Спрятавшись за столбом, Тедди наблюдал за ней. Франсин остановилась и стала его ждать. Он любовался изящной формой ее головы, и струящиеся, как вода, черные волосы не прятали, а только подчеркивали ее красоту; любовался ее угловатыми плечами, тонкой талией, длинными и стройными ногами, высоким подъемом ступни. Вот было бы здорово, вдруг подумал Тедди, если бы она всегда была рядом, чтобы он мог смотреть на нее, прикасаться к ней – но не разговаривать, – раздевать ее и снова одевать в тончайший лен или в какое-нибудь платье от Фортуни, но не в красное, как у Гарриет Оксенхолм, а в чисто-белое.

Франсин с несколько озадаченным видом смотрела в его сторону. Когда она на мгновение отвернулась, Тедди вышел из своего укрытия и окликнул ее:

– Франсин!

Улыбка и румянец, окрасивший ее щеки, преобразили ее лицо. У него промелькнула мысль, что мрачной и с белоснежной кожей она нравится ему больше. Он обнял ее и поцеловал в губы; поцелуй поначалу был легким, но с каждым мгновением становился все настойчивее, глубже, алчнее.

Франсин отстранилась первой, правда, с неохотой, для того чтобы сказать:

– Ну что, идем к тебе?

– Куда же еще?

– Помнится, ты говорил о том, чтобы сходить в кино или где-нибудь поесть.

– У меня достаточно еды, – сказал Тедди, – и специально для тебя есть вино. Пошли.

* * *

Дилип Рао пробыл в коттедже «Оркадия» так долго, что Гарриет задергалась. Франклин особо отметил свое намерение прийти домой рано. Ему предстояло завершить кое-какие мелкие дела, прежде чем ехать в аэропорт. Дилип отличался мужской силой и пылкостью, ему было всего двадцать, и казалось, что он не видит причин, почему бы им с Гарриет не остаться в кровати под балдахином до завтрашнего утра. Он не слушал ее объяснений, и в конечном итоге ей пришлось встать, сорвать одеяло с его обнаженного тела и швырнуть одежду. Дилип ушел в двадцать минут пятого, а Франклин пришел в половине.

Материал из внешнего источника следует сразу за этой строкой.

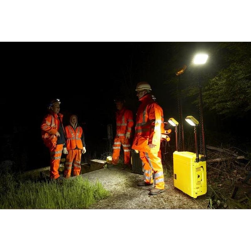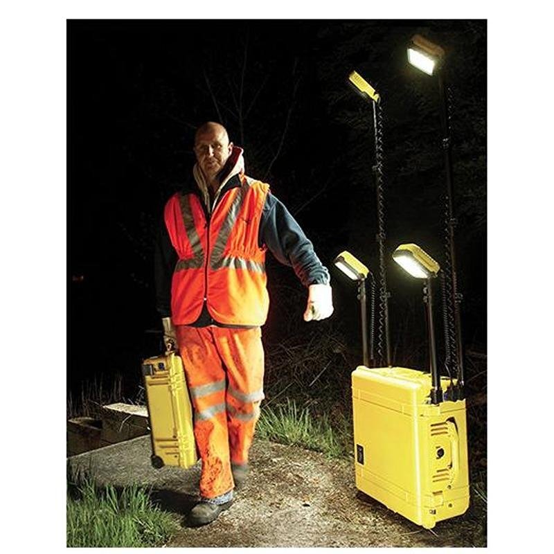 The Pelican 9470 Remote Area Lighting System (RALS) is a cutting-edge lighting solution designed to provide a powerful, eco-friendly alternative to traditional generator-powered lights. Engineered with an Intelligent Control System, the 9470 allows users to monitor battery life and adjust light intensity, ensuring optimal performance tailored to specific needs. With four telescopic masts that extend to nearly 6 feet and four 360° articulating light heads, this system can radiate an impressive 24,000 lumens, with each light head delivering 6,000 lumens. The versatility of the 9470 is further enhanced by its ability to run continuously on wall power, making it ideal for extended applications. Users can keep the unit charged and ready for use at all times. Additionally, the system features a 12-volt power port with a dual USB adapter, allowing for the charging of multiple peripheral devices. Housed in a rugged Pelican case, the 9470 is designed for easy transport, equipped with a retractable pull handle and durable stainless steel ball-bearing polyurethane wheels. This lighting system operates silently, maintains cool temperatures, and produces no exhaust, making it a safe choice for various environments. The Pelican 9470 is also RoHS and CE compliant, ensuring it meets stringent environmental and safety standards.
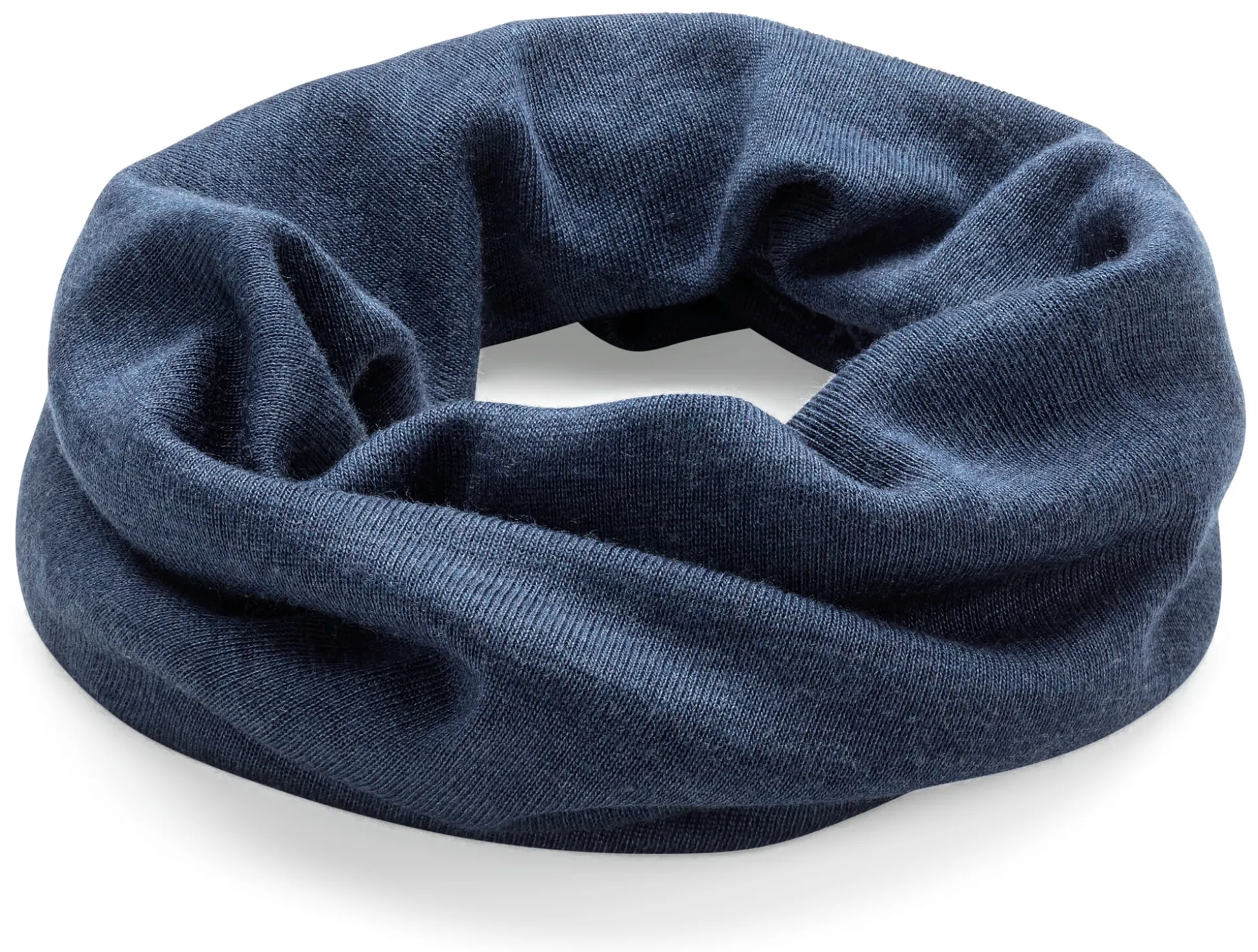 Zumal wenn er, wie dieser Schlauchschal, aus hautfreundlichen, atmungsaktiven Naturmaterialien gefertigt ist: aus Merinowolle (aus kontrolliert biologischer Tierhaltung) und Seide. Merinowolle wirkt von Natur aus temperaturregulierend. Sie wärmt bei kaltem und kühlem Wetter, da die gekräuselten Fasern der Merinowolle die natürliche Körperwärme überaus effektiv speichern. Steigen die Temperaturen, so können die feinen Merinowollfasern viel Körperfeuchtigkeit aufnehmen und sie mit kühlendem Effekt an die Umgebung ableiten. Zudem ist dieser Loop enorm elastisch – zum einen dank des Feinrippgestrick, zum anderen dank der natürlichen Dehnbarkeit der Merinowolle. Daher lässt sich der Loop mühelos über den Kopf streifen, er schmiegt sich leicht und weich um den Hals und ist sehr angenehm zu tragen, ohne an der empfindsamen Halspartie ein Engegefühl hervorzurufen. Seidig-glatt und hautfreundlich tragen auch die atmungsaktiven, ausgesprochen reißfesten Seidenfasern zum hohen Tragekomfort des Schlauchschals bei und erhöhen außerdem die Langlebigkeit des Feinripp.

Пока муж, сбросив все подушки на пол, прежде чем пристроиться на подлокотник дивана, куда-то звонил – очевидно, ему было важно сделать эти звонки перед отъездом из страны, – Гарриет сидела на кухне. Она приводила себя в чувство после секса и алкогольного хмеля чашкой крепкого чая. Еще раньше, вздремнув, Гарриет увидела вещий сон; для нее это не было редкостью, но выводило из душевного равновесия. Все эти предзнаменования всегда оставались бесплодными, события, которые они предвещали – смерть, несчастье, потеря дохода, увечье или смертельная болезнь, – случались нечасто, если вообще случались, однако на душе все равно оставался неприятный осадок. У Гарриет никак не получалось выкинуть из головы тихий голос, шептавший: «В последний раз, в последний раз», только вот определить, что подразумевается под «последним» – предыдущий или следующий за ним, – она не могла.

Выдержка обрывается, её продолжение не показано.